Girl #1: That's interesting. I think I could do it if, like, I saw myself marrying them. Cause then I wouldn't have to worry about getting it and giving it to someone else. We could just get married, be in love, and be happy together, and grow old with each other, and with herpes.
Girl #2, seriously: That's so romantic.

–American Apparel, Chelsea

Overheard by: Has a different definition of

The Kind Of Thing We've Come to Expect from Blondie.

Blonde in convertible: Hey, cutie!
Suit: (turns around briefly, keeps walking)
Blonde: Hey! With the nice ass, we were talking to you!
Suit, walking back to convertible: Yes?
Blonde: My friend here thinks you're cute and wants your number.
Suit: Uh… I'm flattered, but I have a fiancee, so I'll pass.
Brunette driver: I didn't ask if you were single, I said you had a nice ass and I want your number.
Suit: Again, thanks, but no.
Brunette: How about I give you mine?
Blonde: You know, for when the marriage doesn't work out.
Suit: Yeah, no. But you girls have a great day.

–3rd Ave & 46th St

Doesn't It Go Against the Nature Of an Animal to Keep It Tethered?

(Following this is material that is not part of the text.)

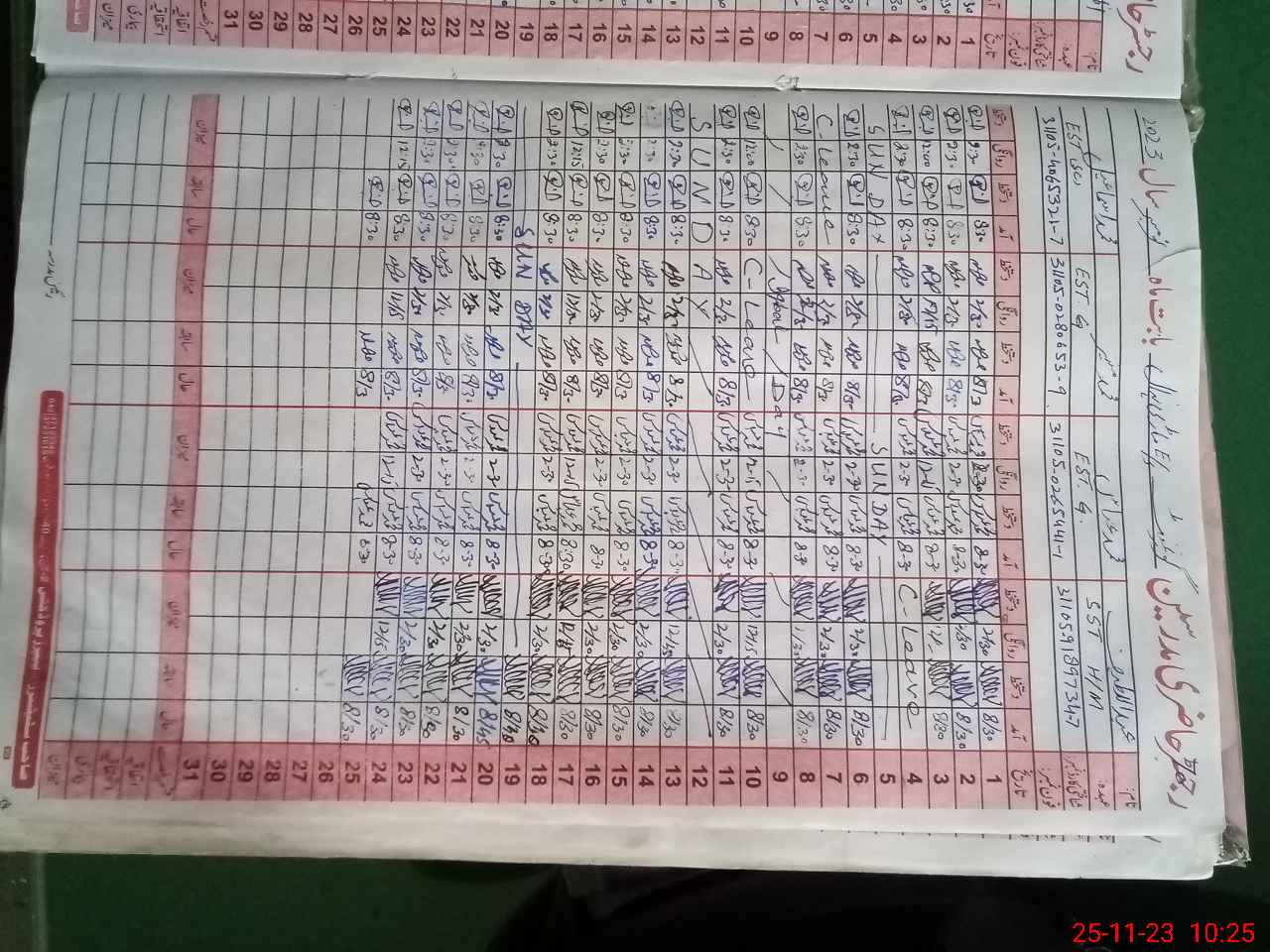 | CNIC | Full Name | Designation | R/C | Absence During Last Calender Month |

Dude to hippie chick walking cat on leash: Yo, that's a funny looking dog you got there.
Hippie chick walking cat: That's 'cause he's a cat.
Dude: Why you walkin' a cat down the street in New York City?
Hippie chick walking cat: Cause back in Colorado, he was indoor-outdoor, and now that we've moved out here for a while I just can't keep him inside. But I can't let him roam free on the streets, so I take him for walks. I love him too much to keep cooped up. It, like, goes against the nature of an animal to keep him inside and not let him experience the world outside and not let him meet other animals and other people.
Dude, amazed: Marry me.

–12th St & 2nd Ave

Overheard by: Yeah, I like weird chicks too

Wednesday One-Liners Won't Do This Again. 'Til Nex Time.

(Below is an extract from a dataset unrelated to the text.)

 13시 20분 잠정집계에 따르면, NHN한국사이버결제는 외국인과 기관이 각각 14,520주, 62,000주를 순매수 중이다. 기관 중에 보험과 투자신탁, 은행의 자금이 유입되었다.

20-something girl to friend: I mean, my husband never asked me a direct question; so I never had to lie. He never said, "what were you doing today at 3 pm?" so I didn't ever have to respond,"screwing my new boyfriend in a Lower East Side apartment that we just rented."

–Max Cafe, Morningside Heights

Girl on cell: This time I'll respect the fact that you're engaged.

–St. Mark's & 1st

Overheard by: spead

White guy to Asian guy: But no sex, because she has a boyfriend… But head is okay…

–Washington Square Park

Overheard by: GreenwichSandwich

Man shouting on cell: I'm a spic?! Well, you're a Jew! Besides, how was I supposed to know you had a husband?

–5th Ave & 90th St

30-something guy to another: So I asked this girl if she had any friends she could hook me up with and she responded with an emailed .pdf of names, pictures, phone numbers and a short blurb about each girl. The funniest part was this one girl, it said: "has boyfriend, will fuck other people."

–Union Square West

Overheard by: Brian

Mom's a Real New Yorker

Six-year-old girl #1: I'm going to David & Buster's with my dad.
Six-year-old girl #2: You have a dad!?
Six-year-old girl #1: Yeah, I have a dad. You make it sound like he died or something.
Six-year-old girl #2: But you said your mom isn't married.
Six-year-old girl #1: She isn't.
Six-year-old girl #2: Why not?
Six-year-old girl #1: Because she has a brain. That's what she says. Right, mom?